▶ **Your objective**
Retype exactly the lines below, starting with the line that contains "광주 남구(구청장 최영호)는" and ending with the last line; leave out any pictures.

---------- Extracted information ----------

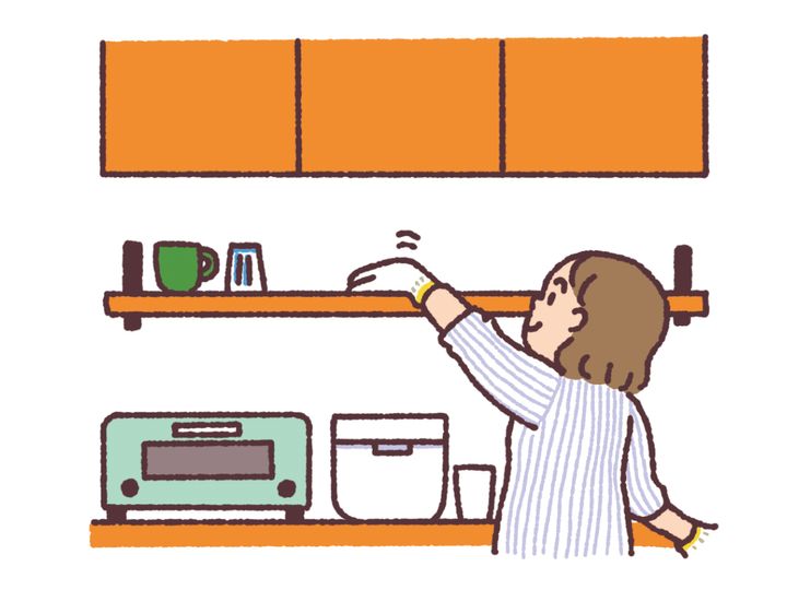 近ごろ多いオープンタイプの吊り戸棚は、視界に入りにくい上部にも油を含んだ汚れがつきやすい場所。アルカリ性洗剤を塗布して、指先でべたつきやざらつきを感じなくなるまで拭きましょう。
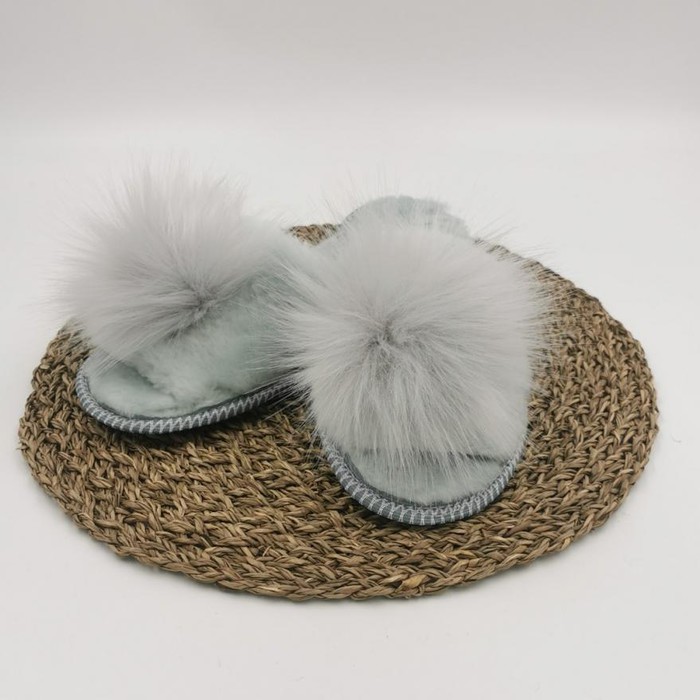 ESENIA Тапочки женские из мутона на твёрдой тапочной подошве - Серо-Голубой
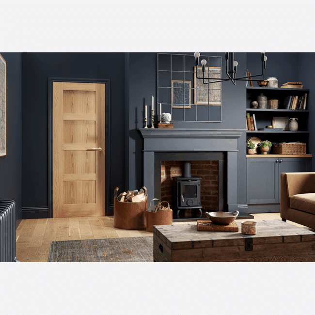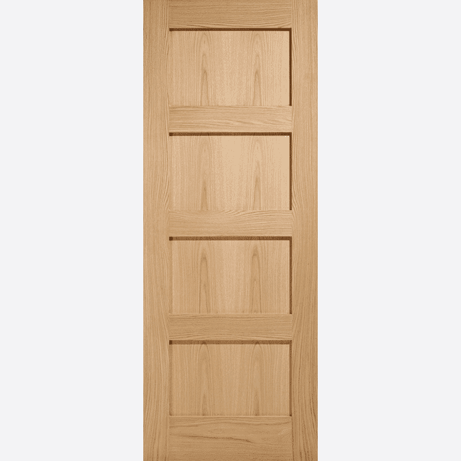 The four pronounced panels on this unfinished Oak door makes it a tasteful choice for any style of home.
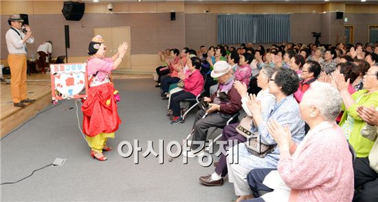 광주 남구(구청장 최영호)는 20일 오전 10시 구청 대회의실에서 관내 어르신 500여 명을 초청해 각설이 공연, 레크레이션, 노래공연 등 노인의 날 맞이 축하공연을 펼쳤다. 사진제공=광주시 남구<br />
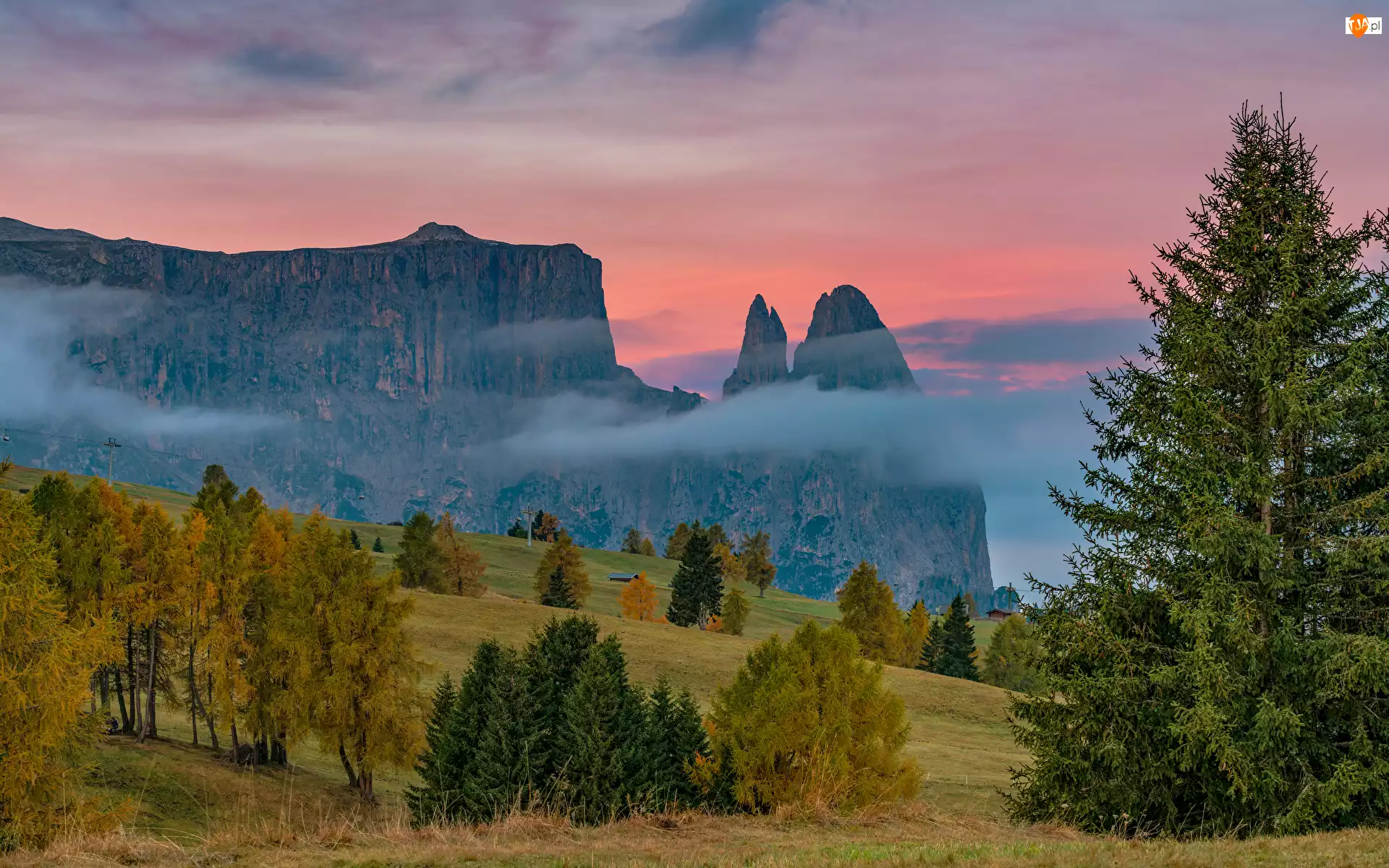 Włochy, Polana, Mgła, Drzewa, Dolomity, Góry, Skały, Góra Schlern, Las, Tyrol
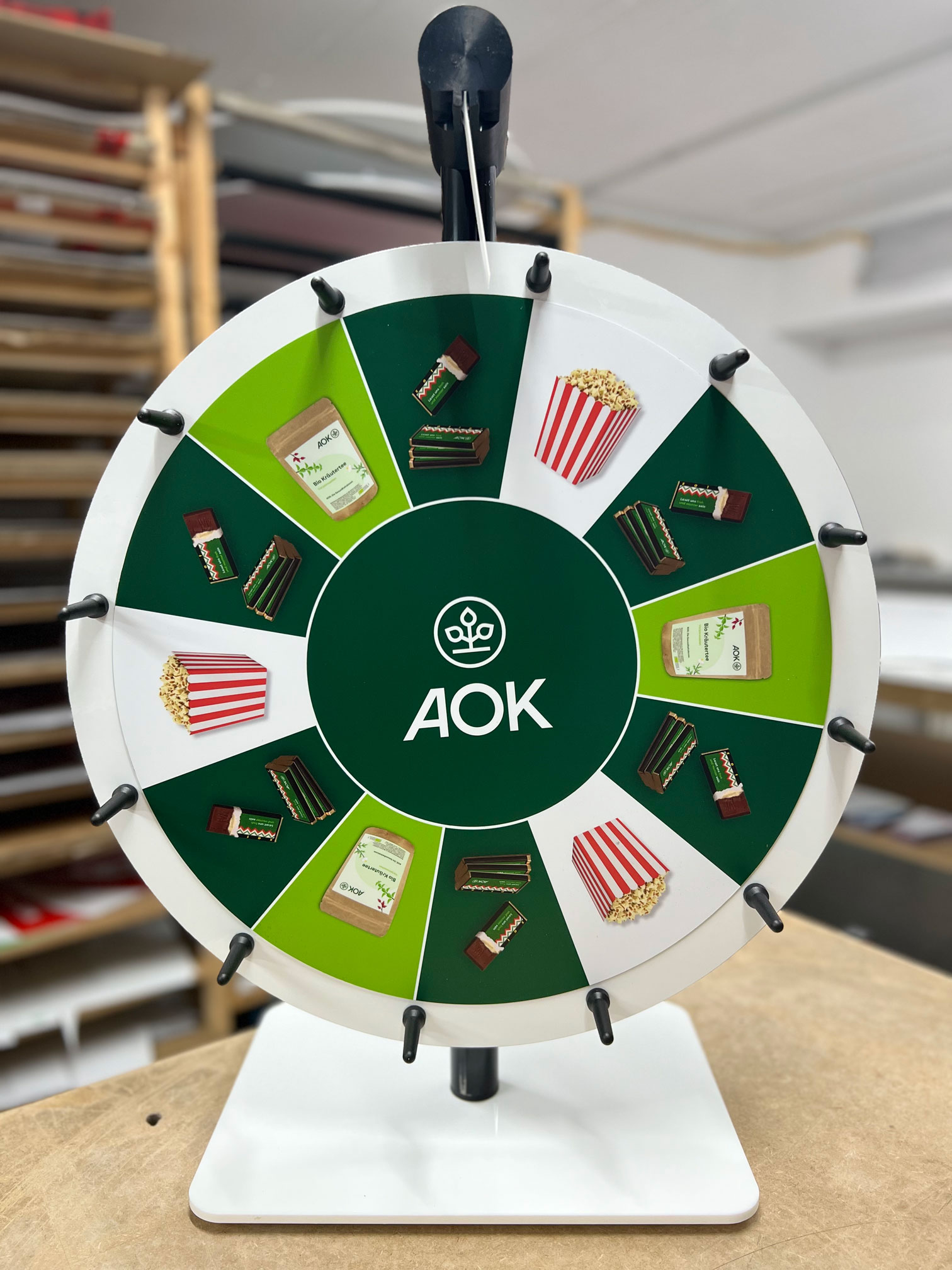 - 12 Felder – auf Wunsch auch mehr oder weniger Glücksrad-Felder möglich
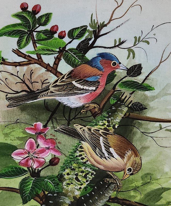 A vibrant watercolor painting depicting two colorful birds perched on blossoming branches.
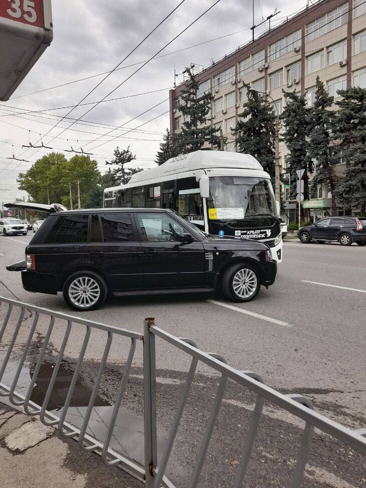 В Симферополе на пересечении улиц Набережная и Гагарина произошло столкновение рейсового автобуса и автомобиля Range Rover. Фото: соцсети По...
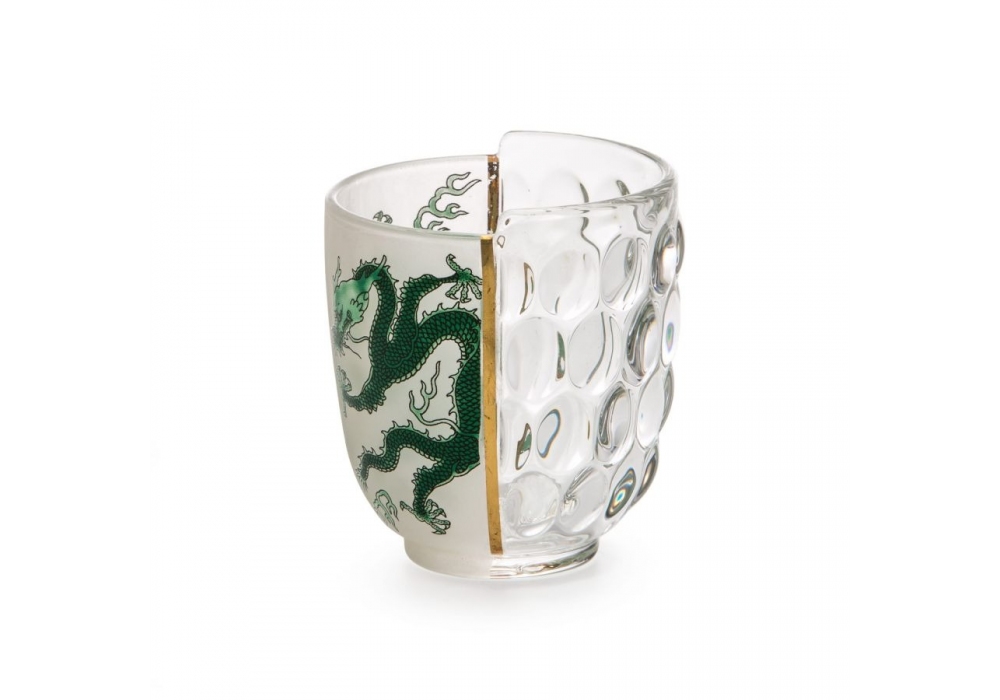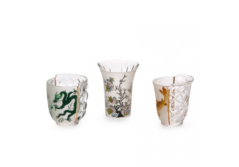 Hybrid Aglaura diseñado por CTRLZAK es un juego de copas de vidrio realizadas combinando dos formas opuestas. La superficie está mitad decorada y mitad transparente con una superficie texturizada.

----------

▶ **Final answer**
 광주 남구(구청장 최영호)는 20일 오전 10시 구청 대회의실에서 관내 어르신 500여 명을 초청해 각설이 공연, 레크레이션, 노래공연 등 노인의 날 맞이 축하공연을 펼쳤다. 사진제공=광주시 남구<br />
 Włochy, Polana, Mgła, Drzewa, Dolomity, Góry, Skały, Góra Schlern, Las, Tyrol
 - 12 Felder – auf Wunsch auch mehr oder weniger Glücksrad-Felder möglich
 A vibrant watercolor painting depicting two colorful birds perched on blossoming branches.
 В Симферополе на пересечении улиц Набережная и Гагарина произошло столкновение рейсового автобуса и автомобиля Range Rover. Фото: соцсети По...
 Hybrid Aglaura diseñado por CTRLZAK es un juego de copas de vidrio realizadas combinando dos formas opuestas. La superficie está mitad decorada y mitad transparente con una superficie texturizada.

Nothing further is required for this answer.